§ Instructions for the task
The data is to be repeated exactly, with the images removed.

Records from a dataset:
= = = =
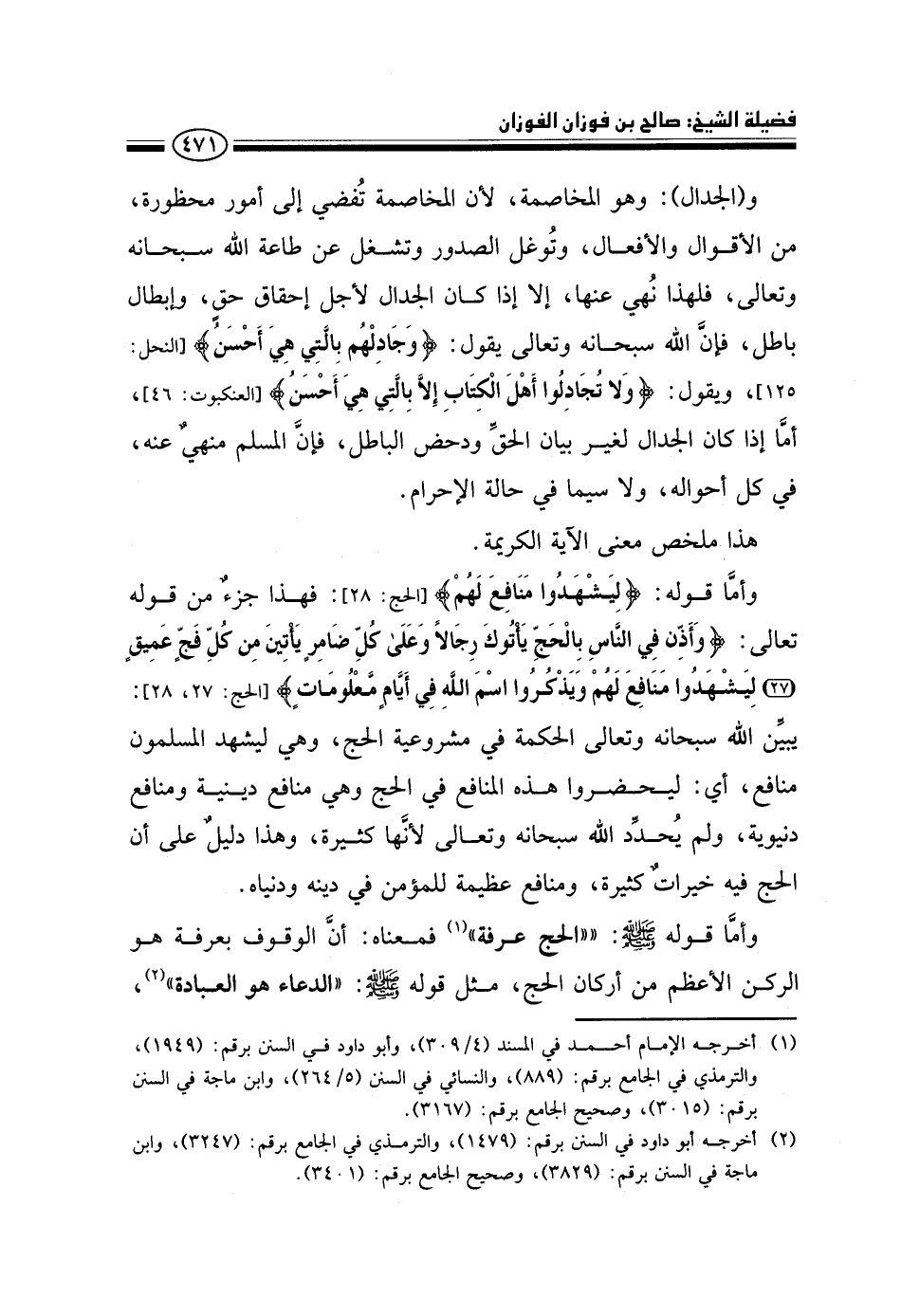 و (الجدال) : وهو المخاصمة، لأن المخاصمة تفضي إلى أمور محظورة، من الأقوال والأفعال، وتوغل الصدور وتشغل عن طاعة الله سبحانه وتعالى، فلهذا نهي عنها، إلا إذا كان الجدال لأجل إحقاق حق، وإبطال باطل، فإن الله سبحانه وتعالى يقول: {وَجَادِلْهُمْ بِالَّتِي هِيَ أَحْسَنُ} [النحل: 125] ، ويقول: {وَلَا تُجَادِلُوا أَهْلَ الْكِتَابِ إِلَّا بِالَّتِي هِيَ أَحْسَنُ} [العنكبوت: 46] ، أما إذا كان الجدال لغير بيان الحق ودحض الباطل، فإن المسلم منهي عنه، في كل أحواله، ولا سيما في حالة الإحرام.
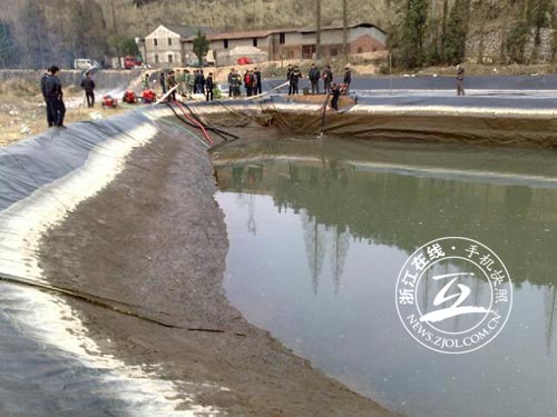 昨天下午5點(diǎn)左右,事發(fā)地封鎖解除后,記者來到了龍珠潭水庫下與養(yǎng)魚塘連接的蓄水池旁,只見蓄水池四壁光滑,坡度很陡,表面覆蓋著一層黑色薄膜,旁邊并無警示牌。王燮蛟介紹,水池最深處2米,在發(fā)現(xiàn)三具孩子尸體的地方,警方發(fā)現(xiàn)水池壁上有滑痕。
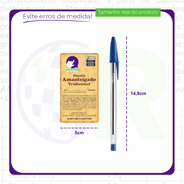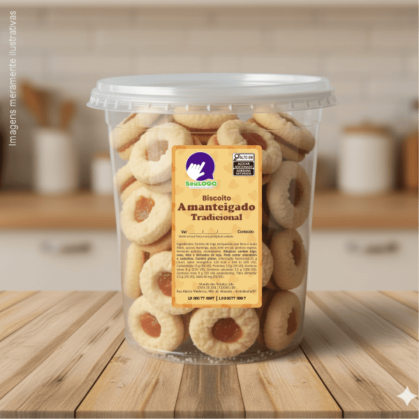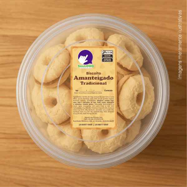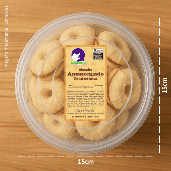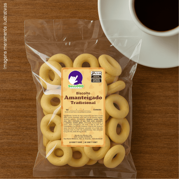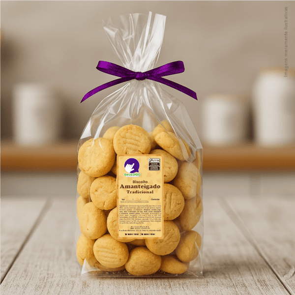 Rótulo para Biscoito Amanteigado (5x9cm) - 4 Cantos Arredondados
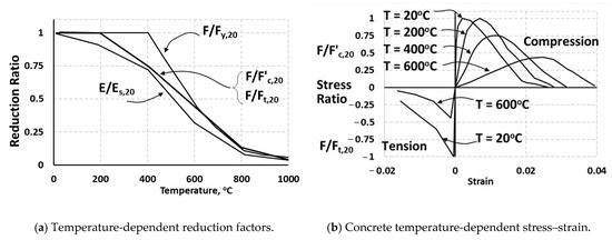 Mechanical properties as a function of temperature, (a) strength and stiffness reduction factors for steel and concrete, and (b) the normalized temperature-dependent stress–strain curves for normal concrete.
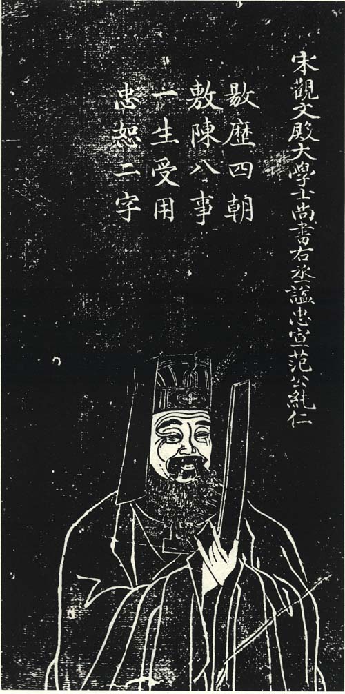 北宋大臣,范仲淹次子,仁宗皇祐元年进士。尝从胡瑗、孙复学。父殁始出仕知襄城县,累官侍御史、同知谏院,出知河中府,徙成都路转运使。哲宗立,除给事中,元祐元年同知枢密院事,后拜相。哲宗亲政,累贬永州安置。范纯仁于徽宗立后,连除观文殿大学士,促入觏,以目疾乞归。有《范忠宣公集》。范纯仁苏州石刻像刻于1827(清道光七年),清孔继尧绘,石蕴玉正书赞,谭松坡镌,为《沧浪亭五百名贤像》之一。范纯仁半身像取自清代顾沅辑,道光九年刻本《吴郡名贤图传赞》,清孔继尧绘。
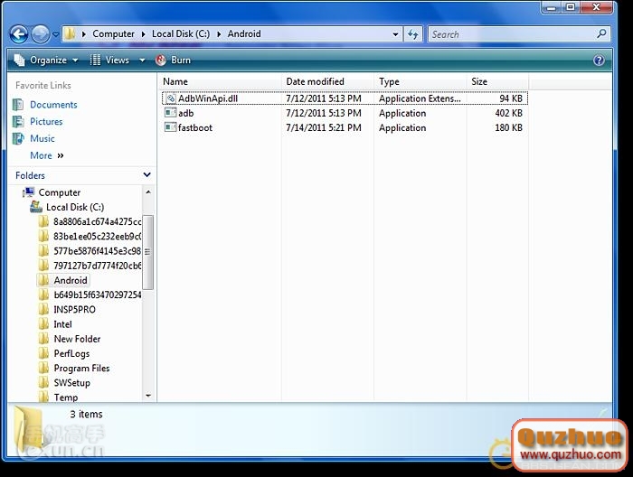 cd c:Android(回車) (這裡的c:Android是你放那3個文件的文件夾路徑)
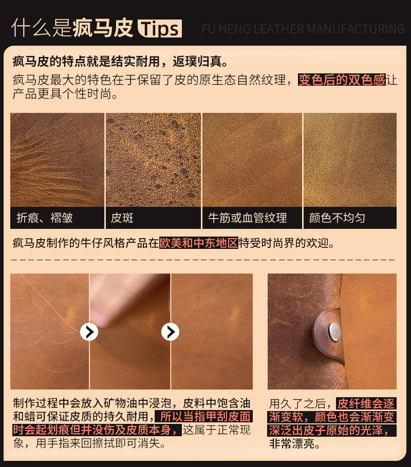 【材質】:深棕色為瘋馬牛皮 ( 瘋馬皮會有劃痕,是一種復古皮料,介意者慎拍! )
= = = =
§ Solution below
 و (الجدال) : وهو المخاصمة، لأن المخاصمة تفضي إلى أمور محظورة، من الأقوال والأفعال، وتوغل الصدور وتشغل عن طاعة الله سبحانه وتعالى، فلهذا نهي عنها، إلا إذا كان الجدال لأجل إحقاق حق، وإبطال باطل، فإن الله سبحانه وتعالى يقول: {وَجَادِلْهُمْ بِالَّتِي هِيَ أَحْسَنُ} [النحل: 125] ، ويقول: {وَلَا تُجَادِلُوا أَهْلَ الْكِتَابِ إِلَّا بِالَّتِي هِيَ أَحْسَنُ} [العنكبوت: 46] ، أما إذا كان الجدال لغير بيان الحق ودحض الباطل، فإن المسلم منهي عنه، في كل أحواله، ولا سيما في حالة الإحرام.
 昨天下午5點(diǎn)左右,事發(fā)地封鎖解除后,記者來到了龍珠潭水庫下與養(yǎng)魚塘連接的蓄水池旁,只見蓄水池四壁光滑,坡度很陡,表面覆蓋著一層黑色薄膜,旁邊并無警示牌。王燮蛟介紹,水池最深處2米,在發(fā)現(xiàn)三具孩子尸體的地方,警方發(fā)現(xiàn)水池壁上有滑痕。
 Rótulo para Biscoito Amanteigado (5x9cm) - 4 Cantos Arredondados
 Mechanical properties as a function of temperature, (a) strength and stiffness reduction factors for steel and concrete, and (b) the normalized temperature-dependent stress–strain curves for normal concrete.
 北宋大臣,范仲淹次子,仁宗皇祐元年进士。尝从胡瑗、孙复学。父殁始出仕知襄城县,累官侍御史、同知谏院,出知河中府,徙成都路转运使。哲宗立,除给事中,元祐元年同知枢密院事,后拜相。哲宗亲政,累贬永州安置。范纯仁于徽宗立后,连除观文殿大学士,促入觏,以目疾乞归。有《范忠宣公集》。范纯仁苏州石刻像刻于1827(清道光七年),清孔继尧绘,石蕴玉正书赞,谭松坡镌,为《沧浪亭五百名贤像》之一。范纯仁半身像取自清代顾沅辑,道光九年刻本《吴郡名贤图传赞》,清孔继尧绘。
 cd c:Android(回車) (這裡的c:Android是你放那3個文件的文件夾路徑)
 【材質】:深棕色為瘋馬牛皮 ( 瘋馬皮會有劃痕,是一種復古皮料,介意者慎拍! )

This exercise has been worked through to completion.